For Hailo, use the Hailo toolbox to optimize and deploy your models.
Check their respective documentation for specific conversion steps.

Thanks,
:grinning:

Hi @ahillelt, many thanks for sharing your feedback!

If you want to use specialized model format with inference, you can achieve this by developing your custom workflows block and then use inference with workflows. In that block you would handle model loading and running image through it. Have a look how core blocks are implemented, and example of how to run workflow.

Thanks for this @Grzegorz Grzegorz, looks like if I have a ready-to-go specialized model I can find a way to introduce it into the workflow of my project on Roboflow. However, if I trained on roboflow is there any way to get that trained model out of the roboflow environment, for example as onnx or even .pt? @mitchellmill is right, Rockchip has it’s own SDK for conversion and it starts with either .pt or onnx, and it takes that to convert to their own format. I already am able to work with converting my pytorch models without issue, but I can’t figure out how to get the newly trained model out of Roboflow. Once I have it converted and optimized for the RK3588s then I will be able to introduce the model as part of the workflow. However, I need to first get the model free standing. I am trying to avoid exporting the Dataset as Yolov8 and then run the train locally, again…

Hi @ahillelt ,

Please see this paragraph in roboflow documentation:

In order to stay compliant with licensing requirements, fine-tuned model weights can only be used in an Inference deployment. For free and Starter Plan customers, your Roboflow license permits use of your models on one device. Enterprise customers can deploy models on multiple devices.
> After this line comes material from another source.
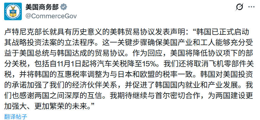 卢特尼克称,由于韩国已在国会提交相关立法,以落实其在美国的战略投资承诺,美国将把包括汽车在内的自韩国进口商品的一般关税税率下调至15%,并自11月1日起追溯生效。

You need enterprise plan if you are looking to deploy models within your infrastructure:

Offline Mode: Deploy models offline, in your VPC, on-premise, and entirely within your cloud.

Got it. I just want to make sure it’s clear to me and any others that read this. As of right now unless we use the inference feature from Roboflows own platform it is not possible to take a trained model from a roboflow project and export the weights to use for whichever model we selected. The only way this is possible is if we purchase an enterprise plan, this is even true if we are not an enterprise.
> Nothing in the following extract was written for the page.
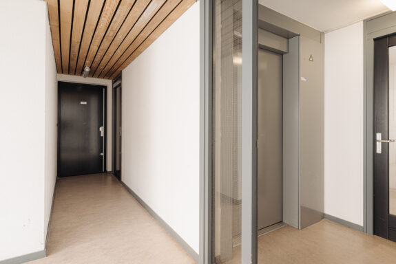 This building, designed as terraced houses, takes the task of creating ground-level homes with individual front doors quite seriously. The result is a structure with numerous staircases and a façade adorned with doors. Each residence boasts its own staircase, with the stairwell as its central feature. As a result, the rooms within these homes are spread across various levels. The lower four levels are accessible from the ground floor, while the upper four floors are reached via a rooftop pathway on the eighth floor. Elevators are strategically placed at the building’s turning points.

I assume this means Roboflow cannot use the NPUs of various hardware out there, except for CUDA, otherwise it all runs on the CPU of whatever our edge device is?

Thanks for clarifying!

Hi, please accept my apologies for missing your reply!
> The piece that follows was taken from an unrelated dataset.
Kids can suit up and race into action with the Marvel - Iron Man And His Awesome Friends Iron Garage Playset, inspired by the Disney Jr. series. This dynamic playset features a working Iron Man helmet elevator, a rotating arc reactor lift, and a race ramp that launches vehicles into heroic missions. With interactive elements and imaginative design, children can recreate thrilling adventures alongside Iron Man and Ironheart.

As of right now unless we use the inference feature from Roboflows own platform it is not possible to take a trained model from a roboflow project and export the weights to use for whichever model we selected. The only way this is possible is if we purchase an enterprise plan, this is even true if we are not an enterprise.

This is current state of our licensing.

I assume this means Roboflow cannot use the NPUs of various hardware out there, except for CUDA, otherwise it all runs on the CPU of whatever our edge device is?

I allowed myself to add feature request in inference repository on your behalf, please feel free to comment if I missed anything.

Thank you once again!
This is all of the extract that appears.